Runtime inputs and preprocessor flags

  1. When in doubt, use runtime inputs rather than preprocessor flags when adding a new optional functionality.

  2. Use preprocessor flags in the following situations:

    1. A runtime option would ruin vectorization in a performance-critical code region, and templating is infeasible;

    2. The new option is meant to be a rapid replacement if successful. This should be coordinated with the team.

  3. Add runtime input variables in XGC_core/setup.F90:

    1. If the new input fits logically into existing namelists; otherwise, create a new one;

    2. Set a default value for the variable at declaration.

  4. Add preprocessor flags in CMake/XGCConfigOptions.cmake.


  1. NO GLOBAL VARIABLES in the C++ code

  2. Limited number of global parameters (e.g. proton mass) are acceptable, put them in cpp_globals.hpp if they may be of general use

  3. A function should perform a single logical operation Hints that your function might not be performing a single logical operation and needs to be broken up:

    1. It is very large (more than 200 lines)

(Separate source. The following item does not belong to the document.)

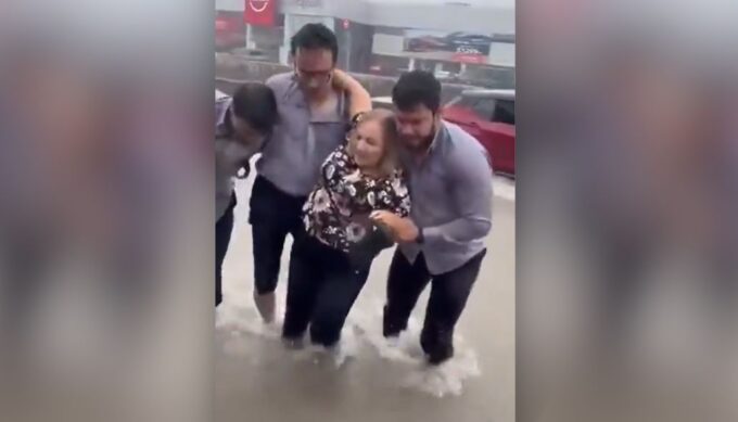 PorArcelia Cruz29/11/2025Una mujer quedó atrapada en las fuertes lluvias de Monterrey y fue salvado por un grupo de trabajadores de una agencia de autos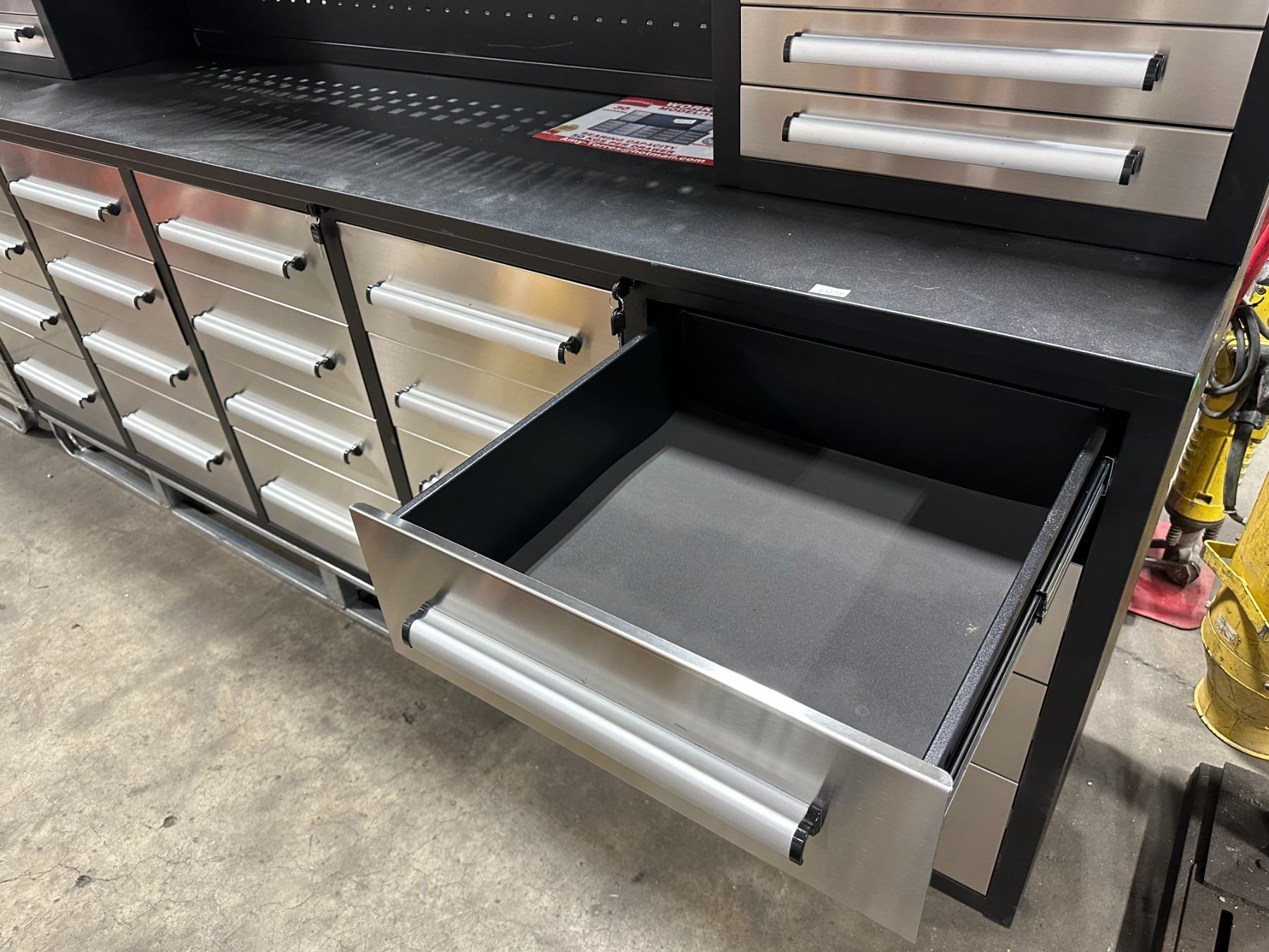 STEELMAN STAINLESS STEEL 30 DRAWER 2 DOOR WORKBENCH 72"H X 112"W X 23"D WITH HUTCH, ANTI-SLIP LINING LOCKING DRAWERS, KEYS, 3 RAIL SLIDERS WITH 50KG CAPACITY PER DRAWER

    2. There are regions in your code where most variables inside that region aren’t used outside of it, and vice versa

    3. You want to time a region of your function. (That indicates that you that region meaningful as its own operation - it should be a separate function)

    4. There are large regions of your function inside a preprocessor flag

    5. Any code repetition

Source file length

  1. No firm rule on file length; they should be a logical unit of related code

  2. One class or struct per file a) Exception if they are extremely similar (e.g. SimdVector and SimdVector2D), in which case consider grouping them in a namespace


  1. All non-trivial new C++ functions must have an associated test a) Trivial would be e.g. double get_x(){return x;}

  2. We use GoogleTest, so #include <gtest/gtest.h> must be included.

  3. There are multiple “test sets” in our test suite

    1. Each one is its own executable and tests a single part of the code, either a kernel or a class/function.

    2. Each consists of multiple gtests (at least one per function).

  4. Add a new test set in CMakeLists.txt by adding its name to the list, and specifying the source files that need to be compiled, e.g.: set(scatter_SRCS XGC_core/cpp/cpp_scatter.cpp utils/cpp_unit_tests/electron_scatter_test.cpp) set(TESTS “push” “scatter”)

  5. Prefer to have your test check against analytic solutions rather than reference data; however, if the latter is necessary:

  6. If your test requires a lot of objects like grid and magnetic field, you can use the example in SmallExample/ and read it in with cpp_init_test_objects.hpp

  7. If your test requires an additional large object, or needs to check results against saved reference data:

    1. Add that new data to SmallExample

    2. Load your new SmallExample to the kitware site

    3. Update SmallExample.tar.gz.sha512 with the new sha512.

  8. There is some existing infrastructure to generate a correct answer to your test as reference and save it to file:

    1. Build the tests with the UPDATE_TESTS flag. Rather than checking against *.exp.txt with a tolerance of *.tol.txt, it will generate *.exp.txt if on CPU, and generate *.tol.txt (as the diff between the GPU results and the CPU results) if on GPU.

    2. You can also edit these manually.

Pull requests

  1. Pull requests (PRs) should be:

    1. Single topic

    2. Relatively small (<200 lines)

    3. Submitted with a short summary of what the changes do

    4. Submitted after running a Python script to automatically update the preprossor macro and input parameter documention. For example, from the XGC-Devel/Docs directory:

    module load gcc
    python update_docs.py
    1. Merged using the Squash and merge option on github.com.